Peter D. Hart is the chairman of Peter D. Hart Research Associates since 1971, and is a senior counselor to TMG Strategies. Together with Robert Teeter or Bill McInturff, Hart and his company have provided NBC News and The Wall Street Journal with polls since 1989. More than 40 U.S. senators and 30 governors, among them Hubert Humphrey, Lloyd Bentsen, Jay Rockefeller and Bob Graham, have been represented by Hart Research.

NGOs and institutions like Smithsonian Institution, the United States Holocaust Memorial Museum, Habitat for Humanity, the ACLU, the Bill and Melinda Gates Foundation and the Kennedy Center are clients of Peter D. Hart Research Associates, as well as corporations such as Boeing, Time-Warner, American Airlines, Coca-Cola, IBM, Fannie Mae, AT&T, and Tiffany & Co. The book The Kennedy Half-Century includes references to his polling.

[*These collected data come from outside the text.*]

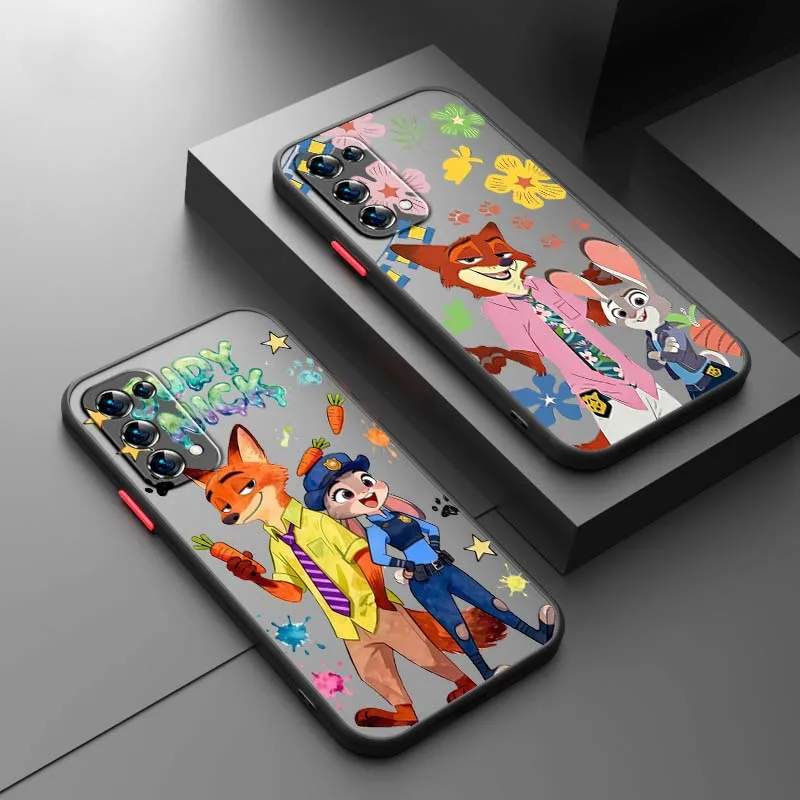 Disney Zootopia Anime For OPPO Find X3 X5 Lite Pro A98 A94 A93 A78 A79 A76 A58 A57 5G Frosted Translucent Phone Case
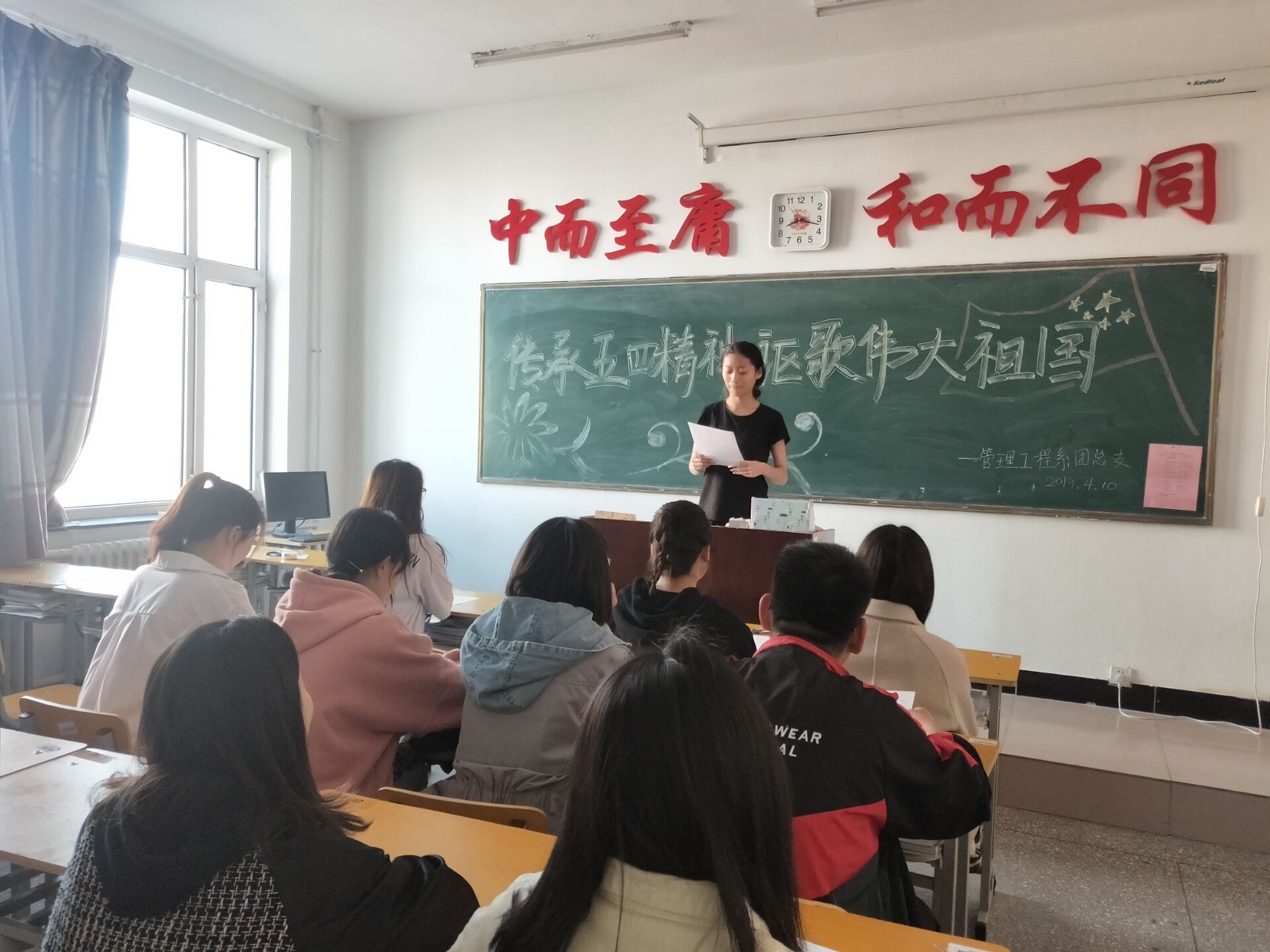 2019年4月10日,管理工程系团总支在3#1205教室开展 “传承五四精神,讴歌伟大祖国”主题演讲比赛。
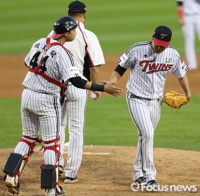 | △ 마운드 내려가는 LG 투수 유경국 |
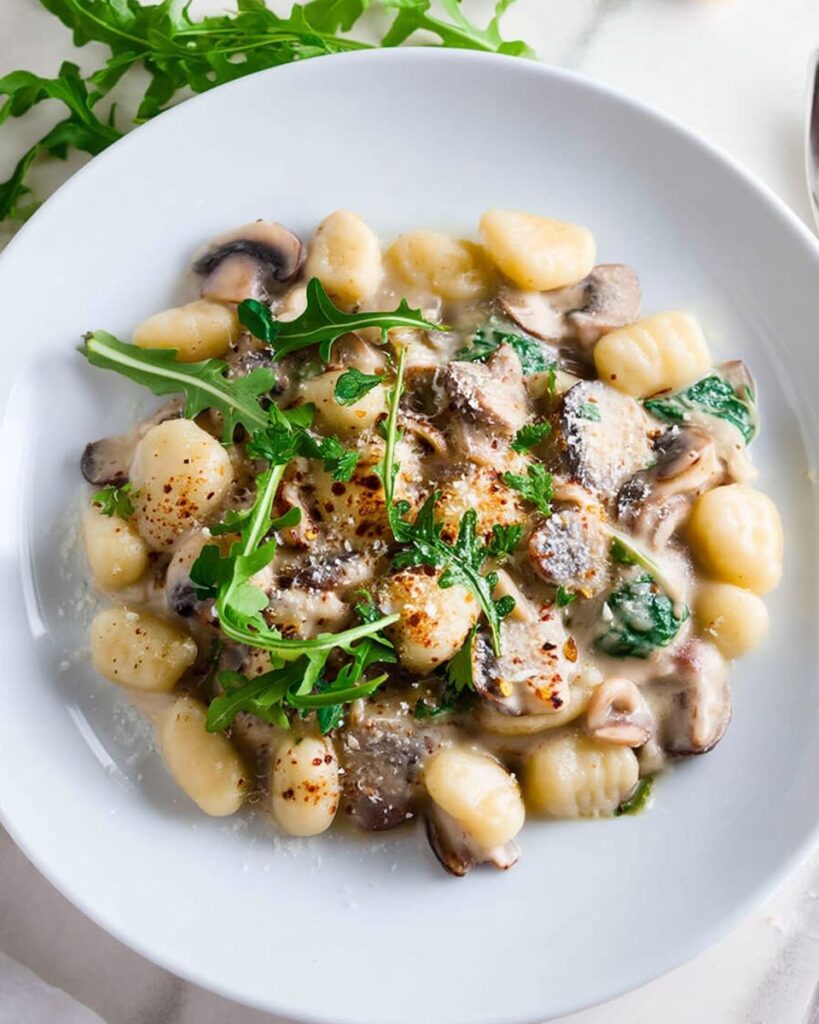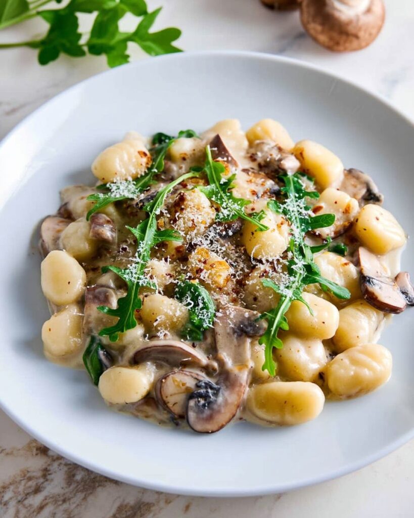 A comforting and creamy dish made with gnocchi and mushrooms, perfect for family dinners or special occasions.
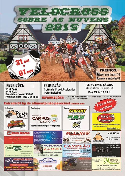 Campos do Jordão irá receber entre os dias 31 de outubro e 1º de novembro uma prova de motocross na pista Sobre as Nuvens. O evento será realizado no sábado a partir das 13h e no domingo a partir das 8h.
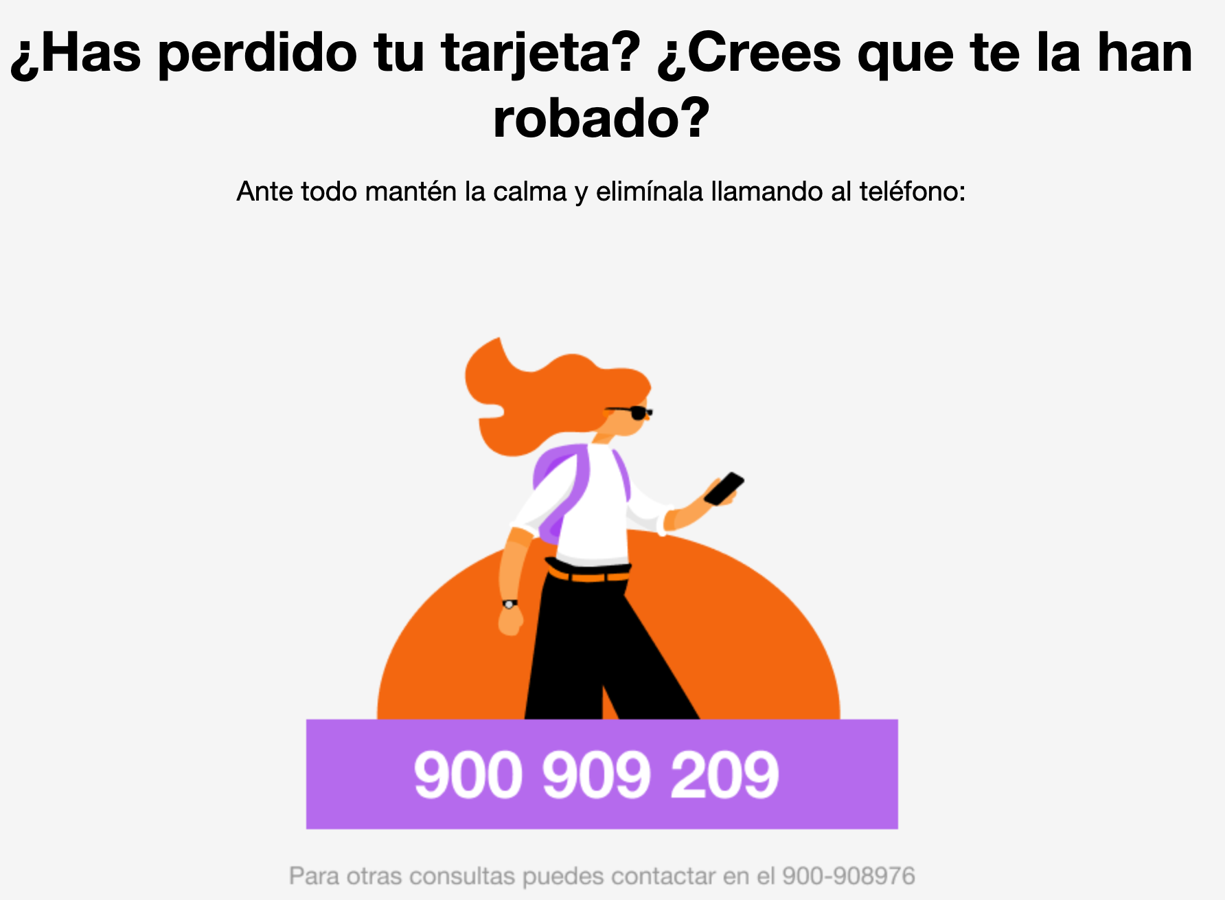 El primer número, el 900 909 209, solo sirve para cancelar la tarjeta o congelarla. No te atiende ningún humano, solo un bot.
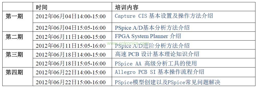 课程分为四期,内容包括Capture CIS、PSpice、FPGA System Planner 以及Allegro PCB SI 培训。
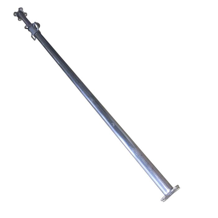 fabricados en Acero Galvanizado Medida Ajustable 2 a 3.90 mts Caño exterior 60 x 1,8 mm Caño Interior 48 x 1,8 mm Base 120 x 120 x 5 mm Perno Tipo G Peso 10.5 K Capacidad carga 950 K

Hart received his BA at Colby College in 1964. During the last decade, Hart lectured public policy at Duke University's Sanford Institute of Public Policy, the Annenberg School for Communication at the University of Pennsylvania, the University of California, Berkeley's Travers Department of Political Science, and at the Harvard Kennedy School.

Hart is frequently invited to major television programs, such as Meet the Press, The Today Show, and The NewsHour with Jim Lehrer, to discuss public policy issues.

He resides in Washington, D.C. with his wife and has two children.

References

External links

Colby College alumni
Living people
American political consultants
Duke University faculty
University of California, Berkeley College of Letters and Science faculty
Pollsters
Year of birth missing (living people)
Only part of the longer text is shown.